Van een dergelijk uitzonderlijk geval is hier naar het oordeel van de wrakingskamer geen sprake. Verzoeker heeft geen feiten of omstandigheden gesteld, en die zijn ook niet gebleken, waaruit volgt dat de genoemde uitzonderingssituatie zich in dit geval voordoet. De wrakingskamer overweegt daarbij, dat door de politierechter rekening is gehouden met de omstandigheid dat verzoeker het dossier enkel via zijn telefoon kon inzien, door mede te delen dat de zaak op dat moment niet inhoudelijk behandeld werd en dat verzoeker met zijn advocaat die naast hem zat kon overleggen of met haar iets in het dossier kon opzoeken indien hij dat nodig vond.

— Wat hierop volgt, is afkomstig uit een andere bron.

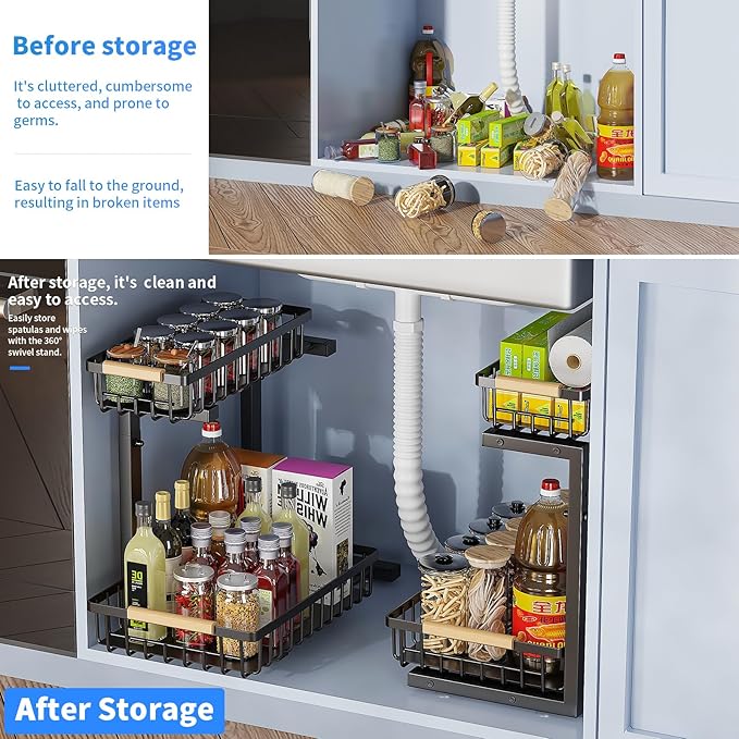 Under Sink Organizer and Storage,Height Adjustable Under Sink Organizer, Single 2 Tier Pull Out Drawer Cabinet Organizer for Kitchen Bathroom Storage

Enig aanknopingspunt dat die beslissing niet anders dan als blijk van vooringenomenheid van de politierechter kan worden opgevat, is er daarom niet.
3.5.
De wrakingskamer is gelet op bovenstaande van oordeel dat de door verzoeker aangevoerde gronden geen aanwijzingen van vooringenomenheid of (objectief gerechtvaardigde) schijn van partijdigheid van de politierechter jegens verzoeker opleveren. Daarom wordt het verzoek tot wraking afgewezen.

4.De beslissing

De wrakingskamer:
4.1.
wijst het verzoek tot wraking af;
4.2.
bepaalt dat het proces in de hoofdzaak wordt voortgezet in de stand waarin het zich bevond ten tijde van het indienen van het wrakingsverzoek;
4.3.
beveelt dat (een afschrift van) deze beslissing met inachtneming van het bepaalde bij artikel 515, derde lid, van het Wetboek van Strafvordering wordt toegezonden aan:
• de verzoeker p/a zijn raadsvrouw mr. T.V. Seedorf;
• de officier van justitie;
• de politierechter.
Deze beslissing is gegeven door mrs. S.W.E. de Ruiter, C.M. van der Kleijn en S.M. Westerhuis-Evers in tegenwoordigheid van de griffier mr. N. Roelands en in het openbaar uitgesproken op 4 april 2022.
de griffier de voorzitter
Tegen deze beslissing staat geen rechtsmiddel open.